Imagine Dragons hit serious pay dirt in 2012 with their multi-million-selling debut Night Visions. That album was hard to pigeonhole: not because the Las Vegan band has alighted upon a hitherto-undiscovered musical genre, but rather because their sound is, frankly, all over the place: a ragbag assortment of arena rock, hip-hop, blues and folk. If reaching for a concise label, Imagine Dragons could best be described as “Coldplay on steroids”.
And now here is the follow-up, Smoke + Mirrors, co-produced by the band and English producer Alex da Kid (whose previous clients include Eminem and Nicki Minaj). Like Night Visions, it sounds like the product of a severe case of musical attention deficit disorder, as genres are spliced and mashed together like a hurriedly-assembled playlist.

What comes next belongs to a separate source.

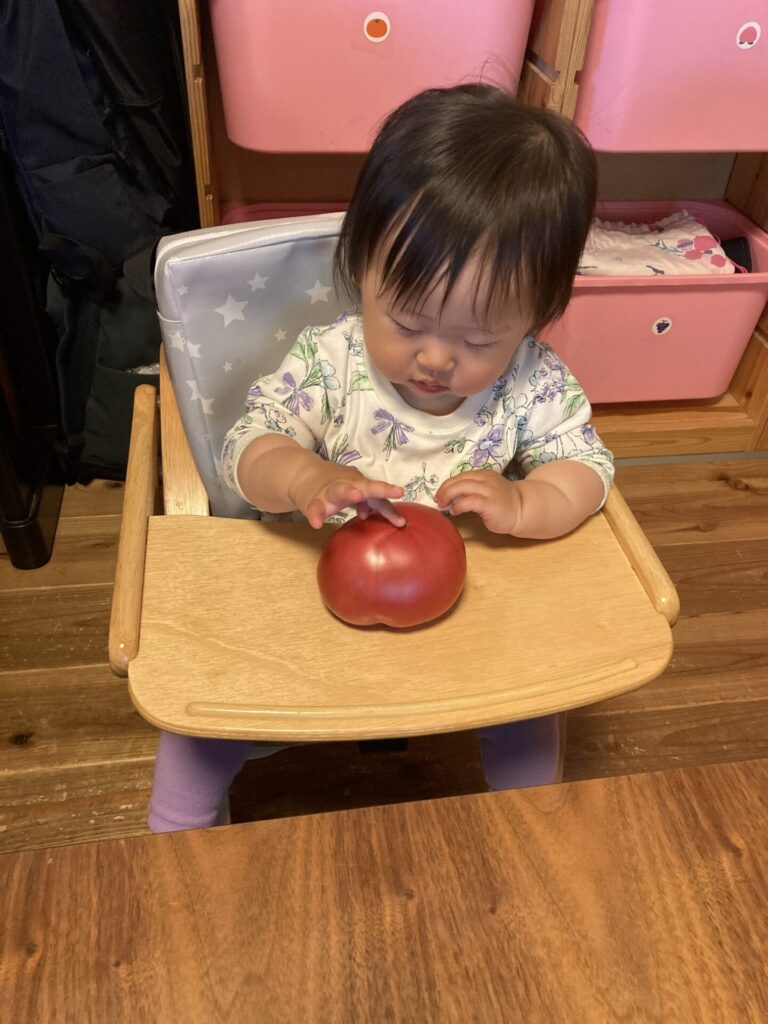大きなトマトを頂いたのでトマトジュースを作りました 重くて、トマトの匂いが… 手で押したり、つぶしたり、たたいたりと作り方はいろいろです 自分で器に移します。こぼさないように入れる真剣な顔…可愛いですね 一歳の「もっとちょうだーい!」の子ども...

Opening track and first single Shots deploys a guitar part reminiscent of Coldplay circa Viva La Vida alongside pulsing synths (and a decent-enough melody). I’m So Sorry’s quite obvious attempts to sound like The Black Keys are hamstrung by a deliriously incongruous guitar solo that sounds like Hocus Pocus by Focus; I Bet My Life is – in all seriousness – death metal gospel; Trouble resembles an angrier Mumford And Sons and, right at the album’s death, The Fall pulls out a closing section that recalls one of The National’s more propulsive moments.
All of which makes Smoke + Mirrors sound like a cynical effort to appeal to all of the people, all of the time. And yet, much of this album is so odd-sounding that it’s hard to imagine its creators being especially commercially-minded. Take, for instance, Gold’s weird hiccup sound effect that announces its lurching, unpleasant chorus. Or the bizarre noises on the title track’s bridge which, on first play, will convince the listener that something’s up with their playback device. Or that weird, high-pitched sound that works its way through Summer. In among this melange of genres and sounds, perhaps the most surprising moment is It Comes Back To You, which succeeds in actually being quite pleasant.
To be blunt, much of Smoke + Mirrors is horrible to listen to. (One imagines a Soundcloud-style imaging of the album would resemble a very long, very loud rectangle.) And yet, one can’t help but admire the band’s ambition and, on occasions, their apparent lunacy. Smoke + Mirrors might be a lot of things, but one thing it’s not is boring.